Christopher Rountree:
Eastman wrote an essay about “the composer,” which is about the ideal composer and in that essay, he switches pronouns every use of the pronoun when he talks about the composer. So he’s someone that, even in the seventies, was really invested in critical theory and in gender theory.
Seth Parker Wood:
He’s created a space for us all to find our own agency under the idea of kind of giving us a platform and a structure, and inside of this, you can either stick with that idea or you can diverge from it, but always being able to kind of flow back into the current.
Christopher Rountree:
It’s about holding multiple things at the same time. It’s about the personal identity. It’s about who’s allowed to do what in the context of what concert, in this case. It’s about banishing etiquette. It’s about the individual, and also, it’s this amazing thing where everybody gets to both be themself and also be lost in a mass of people.
Juana María Rodríguez:
Ideas of gender, age, sexuality are already mixed up constituted by these other ideas. In my book, Puta Life, many of the sex workers that I’m looking at are women that are 50 and 60 years old, not necessarily the image of sex workers that most people think of. So when we think of sexuality, sexuality’s always racialized; to think of virginity, virginity as a concept already invokes a certain kind of racial and gendered idea.

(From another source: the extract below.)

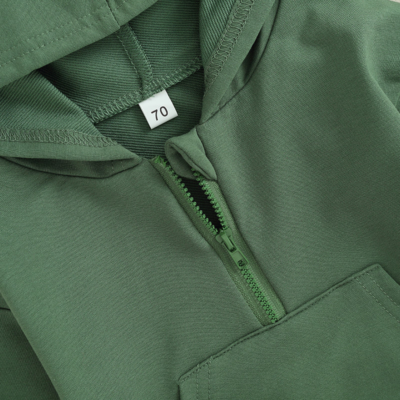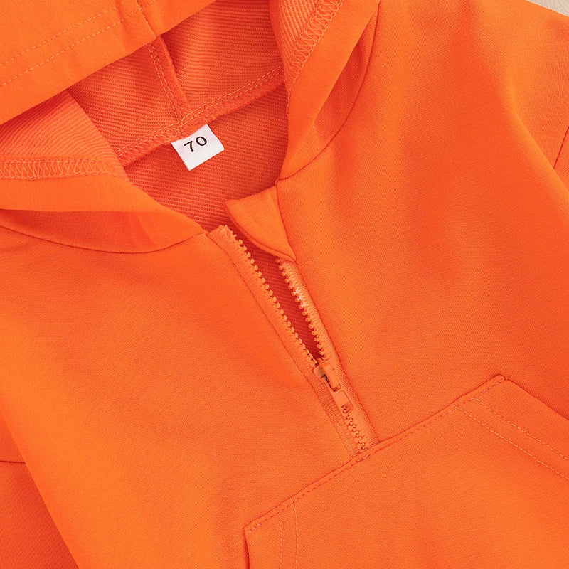 Keep your little one cozy and comfortable with this 0–36-month hooded sweatshirt. Designed for toddlers, it features a soft, solid color fabric and long sleeves, making it perfect for spring and fall. Easy to pull on, this hoodie offers warmth without bulk, allowing your child to move freely during playtime. A practical and stylish addition to any toddler’s wardrobe.

So I think it’s really about challenging those and thinking about the assumptions that language carries.
Transformation
Christopher Rountree:
In one sense, he [Julius Eastman] is not just provocateur and a brilliant, ecstatic artist who is asking people to be themselves in the work, but he’s also really a pedagogue, and these works, they teach the people that are inside of them. I mean, I view them, just like a composer like Pauline Oliveros, they are education pieces for classical musicians that convert them while they perform the pieces, and of course, we didn’t know that when we started this work with Eastman, but that’s what they did to us, and so one of our questions is always like, wow, how can we show the way that these pieces have changed us? If we look at Eastman’s relationship with his community as one where he’s trying to rattle it and shake it and change it and teach it, suddenly it becomes clear why he’s not just accepted and paid to do the work.
Leigh Raiford:
Before people enact or build towards a new world, they often have to dream it. If the work of intersectionality, if the lens of intersectionality, is meant to help us address systems of power and eradicate those systems of oppression that predetermine and limit our life chances and opportunities, then we can think about the arts as opening up a space, a way to give us language, and practice for living otherwise, living outside, and beyond those structures that we have inherited, that we’ve been disciplined into, and if we didn’t have art to imagine something, another world, then we really are lost.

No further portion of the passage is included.